Why do we use closed-loop feedback in buck converters?
The main thing you are missing is that what is put into the LC filter is not necessarily always a square wave. It is when the buck converter is in continuous mode, but unless you know that to always be the case, you can't assume the square wave input to the filter as you are.
In continuous mode, the output voltage is ideally the input voltage times the duty cycle. However, it's not that simple in the real world. Even if the input voltage stays constant, there is the DC resistance of the inductor to consider, the voltage across the switch, and the voltage across the diode from ground during the pulse low time.
The latter can be mitigated by synchronous rectification, but that isn't perfect either. At the least, there is the voltage drop across whatever is being used as the synchronous rectifier switch. Synchronous rectification timing is also usually made conservative, meaning it errs on the side of staying on a little too short rather than too long. The cost of turning off a little early is more voltage drop at the end of the flyback part of the pulse. However, the cost of turning on too late is shoot thru, which rapidly decreases efficiency, and risks damaging parts.

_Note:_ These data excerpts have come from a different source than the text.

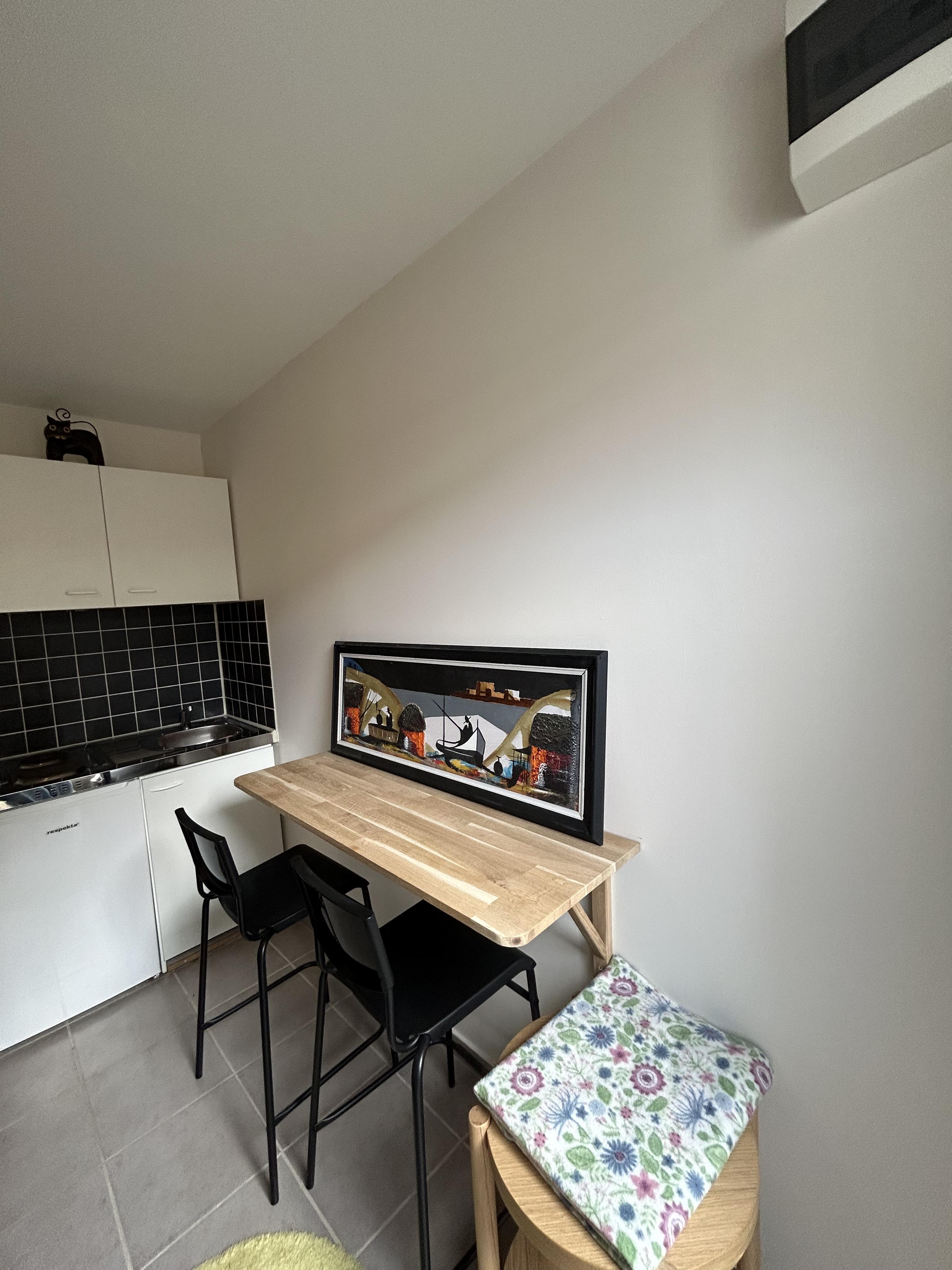 Möblerade liten lägenhet. Går att hyra permanent eller användas som övernattningslägenhet. 3000kr i hyra El ingår Internet ingår Parkering Ingår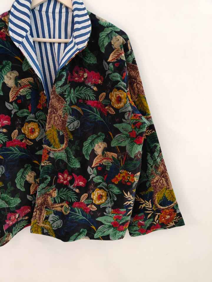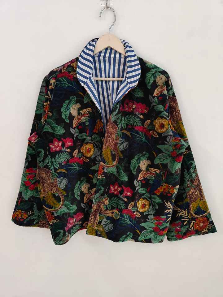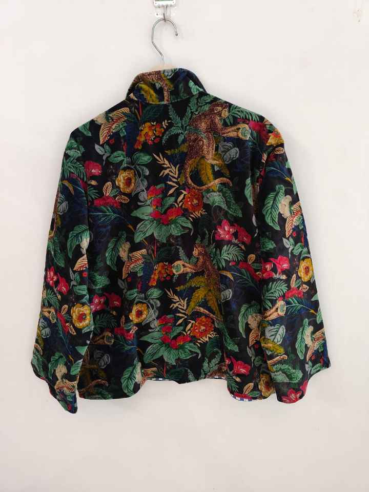 Classic Art & Craft Breathable Cotton Velvet Bomber Jacket for Women Floral Print Winter Bridal Bridesmaid Coat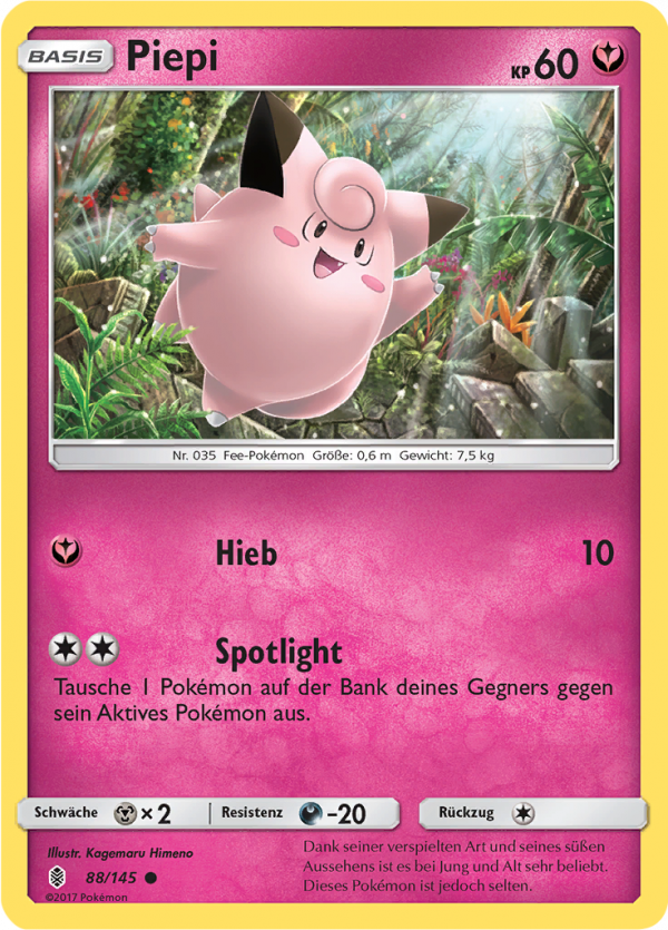 | Kaufen? | Kaufen Sie Ihre Piepi Pokemon-Karte aus dem Stunde der Wächter-Erweiterung. |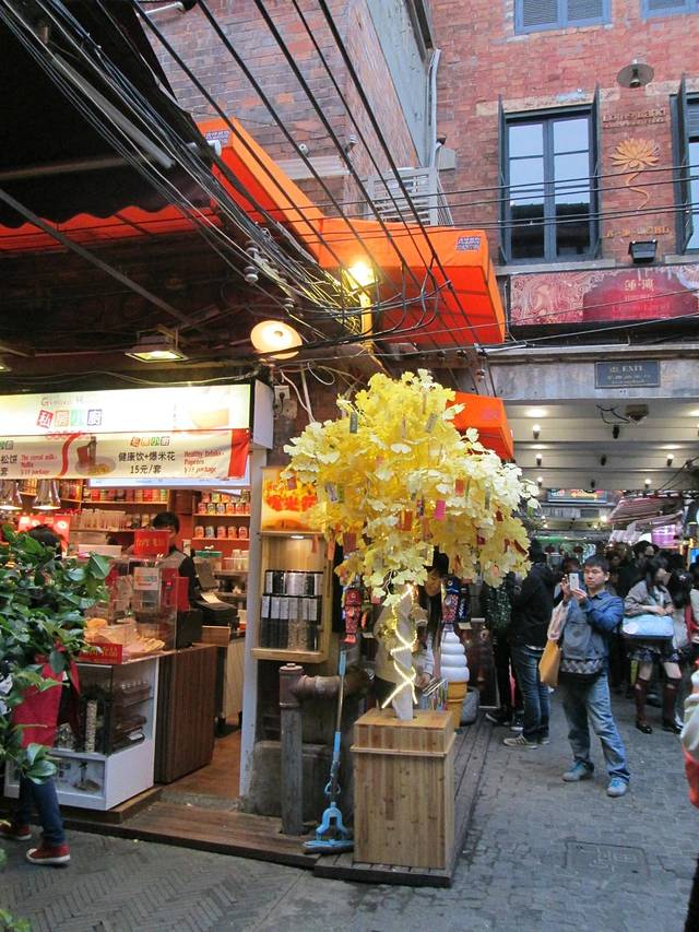 田子坊是我这一天当中玩的最开心的地方,就喜欢这种洋溢着浓浓文艺气息的小地方,如果人再少点就完美了!田子坊的小店和小巷都特别美,适合在里面闲逛,发呆,拍照! 各种充满文艺气息的小店构成一条条充满意蕴的小街小巷,错综复杂!和北京的南锣鼓巷和烟袋斜街有点像。每一个小店都很有特色,感觉店主对自己的店都非常用心,非常有感情的感觉,看上去每个店都有一段故事!东西不贵,豆花非常好吃,在里面闲逛,每一个小角落、小细节都值得你驻足、惊叹,甚至会在击中你内心中一个柔软的角落,让你久久不愿离开!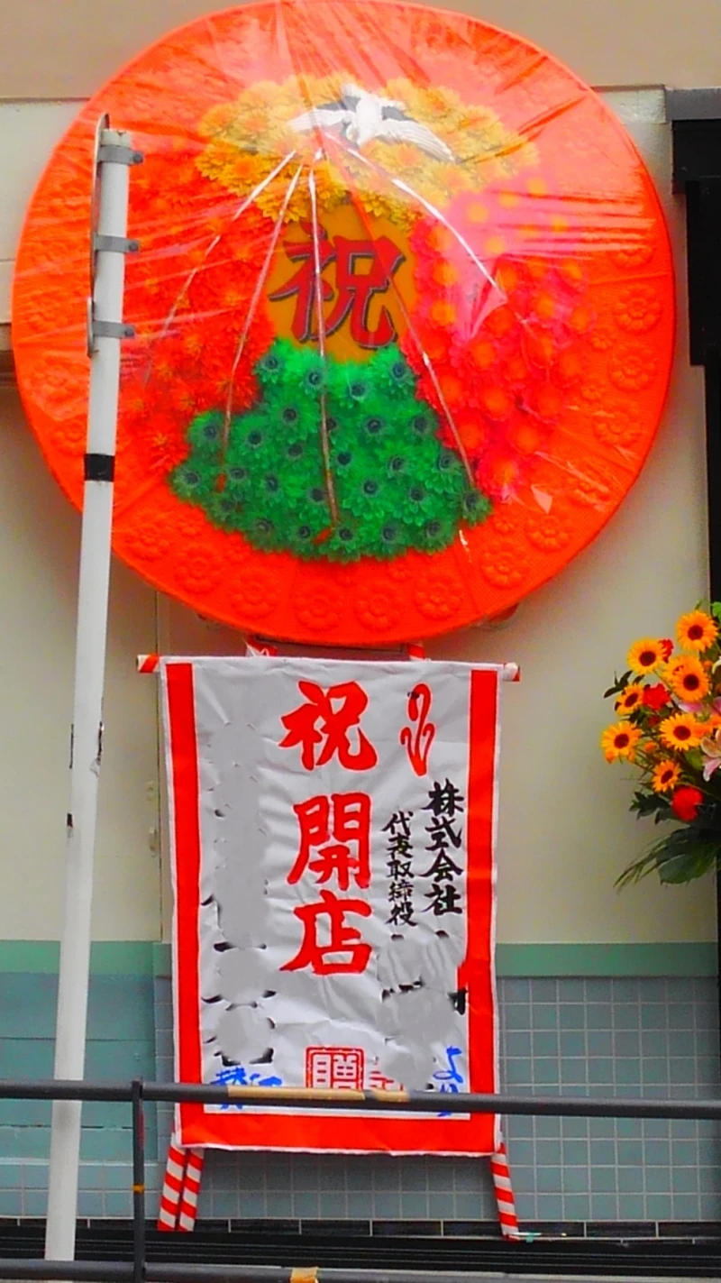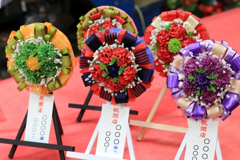 主に昭和の時代には開店祝いとして巨大な(直径150センチ超)造花の輪を店舗前に並べました。②の写真参照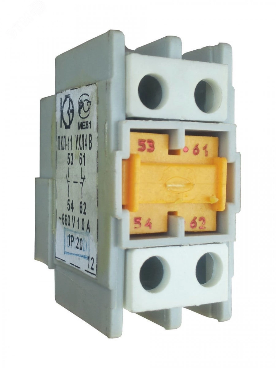 Приставки контактные ПКЛ предназначены для увеличения количества вспомогательных контактов контакторов и пускателей электромагнитных на номинальный ток от 12 до 63 А серий ПМ12, ПМ12К и ПМЛ. Устанавливаются сверху аппаратов по одной приставке ПКЛ на нереверсивный контактор или пускатель, на каждый из двух контакторов реверсивного контактора или пускателя.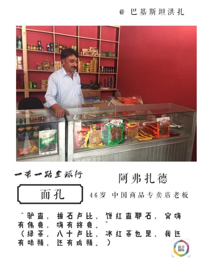 遇到阿弗扎德,是在海拔2400米的阿里阿巴德。这里天高云淡,雪山巍峨。在中巴友谊之路路边,阿弗扎德经营着一家 中国便民商店 ,专卖中国商品,生意相当不错,当地人都颇为羡慕。↓↓↓

I have seen pre-regulation power supplies which were fixed duty cycle buck switchers. In one case, it was used to drop a 48 V distribution voltage down to a rough 12 V, which was distributed locally and dropped to the final regulated voltages by other power supplies. It didn't matter if the 12 V varied a bit.
A general purpose power supply has to be designed to handle low load too. Below some load for any switching frequency, a buck switcher can't maintain continuous mode. Some OEM supplies simply state a minimum load is required.
More general purpose supplies fall back to discontinuous mode. In that case your fixed square wave assumption fails. Now there are really 3 parts to the cycle. At the start, the input to the LC filter is actively driven high. When that stops, the flyback part begins, which drives the input actively low. Then there is the third phase in discontinuous mode where you consider the input effectively high impedance. The function of duty cycle to output voltage is not longer linear.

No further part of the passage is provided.